Guess what hasn't happened at the Supreme Court in the past 20 years? The plum positions as clerks, career-making jobs, have not gone to more women and to more people of color. USA Today columnist Tony Mauro revisits a study they first completed two decades ago to find out that essentially no progress has been made.
The research showed that those prestigious one-year clerkships, a golden ticket to a top-tier legal career, were going overwhelmingly to white males. Fewer than 2% were African-Americans, 1% were Hispanic, and only a quarter were women.
The stories, which occupied more space in USA TODAY than any other topic in a single day’s edition until then, caused a stir. Civil rights leaders protested and got arrested on the steps of the Supreme Court, and justices were routinely asked by members of Congress why they have not hired more minorities.

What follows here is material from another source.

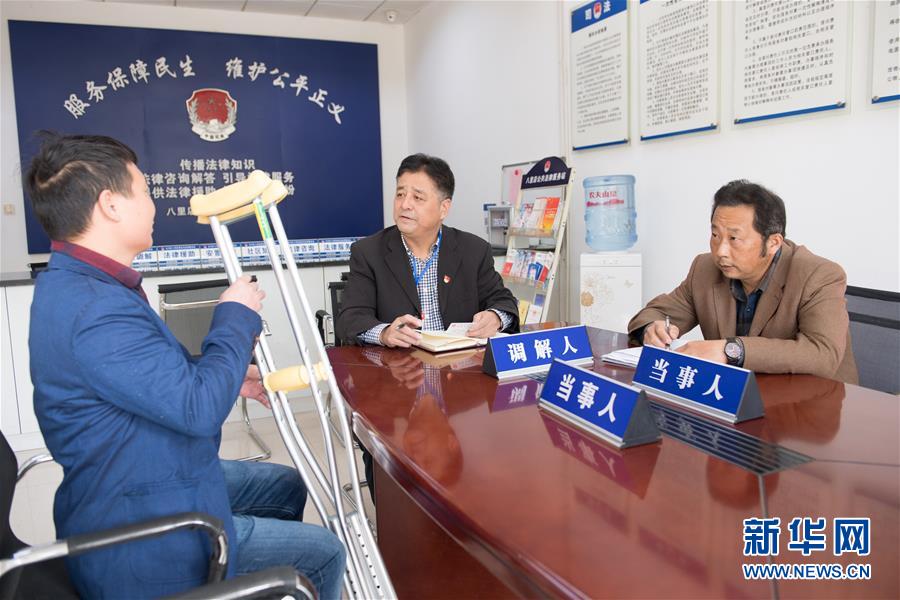 浙江省湖州市吴兴区八里店镇司法所工作人员在调解一起工伤纠纷事件(2019年10月31日摄)。新华社记者 翁忻旸 摄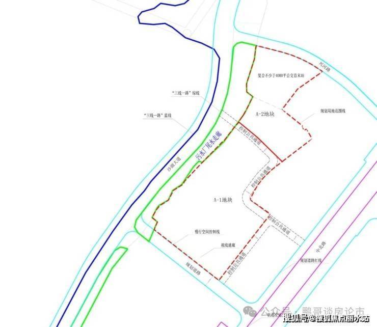 视线通廊:地块内控制一条垂直沙湖,宽度不低于30米宽的视线通廊沿西侧垂直沙湖的规划道路控制宽度不低于10米的视线通廊。

Of course that outrage resulted in basically nothing. Mauro, now Supreme Court correspondent for The National Law Journal and the Supreme Court Brief newsletter followed up with a new survey.
We found that since 2005, 85% of all Supreme Court law clerks have been white. The percentage of African-Americans and Hispanics has increased at a glacial pace. Women comprise a third of the clerks instead of a fourth, even though more than half of law students now are female.
And the lack of diversity runs across the spectrum of justices. Though half of liberal Justice Ruth Bader Ginsburg’s clerks have been women, she has hired only one black law clerk since joining the court in 1993. Only 8% of Chief Justice Roberts' clerks have been racial or ethnic minorities. Also note: Harvard and Yale law schools have increased their dominance, providing half of the court's law clerks since 2005, compared to 40 percent in 1998.
This matters first of all because these are very powerful jobs. As Maura points out, they "help shape the court's docket and draft its decisions." The people who occupy the rarified environs of the court are critical to exposing the particularly cloistered justices to real life. Mauro highlights the fact that while they regularly rule on cases involving Native Americans, no justice has ever had a Native American clerk. That perspective has been missing.
Supreme Court clerks also rise to powerful political and judicial positions. They are the next generations of judges and members of Congress. They are and will be making policy decisions and ruling on cases that often have the most consequences for women and on communities of color. And often not in a good way.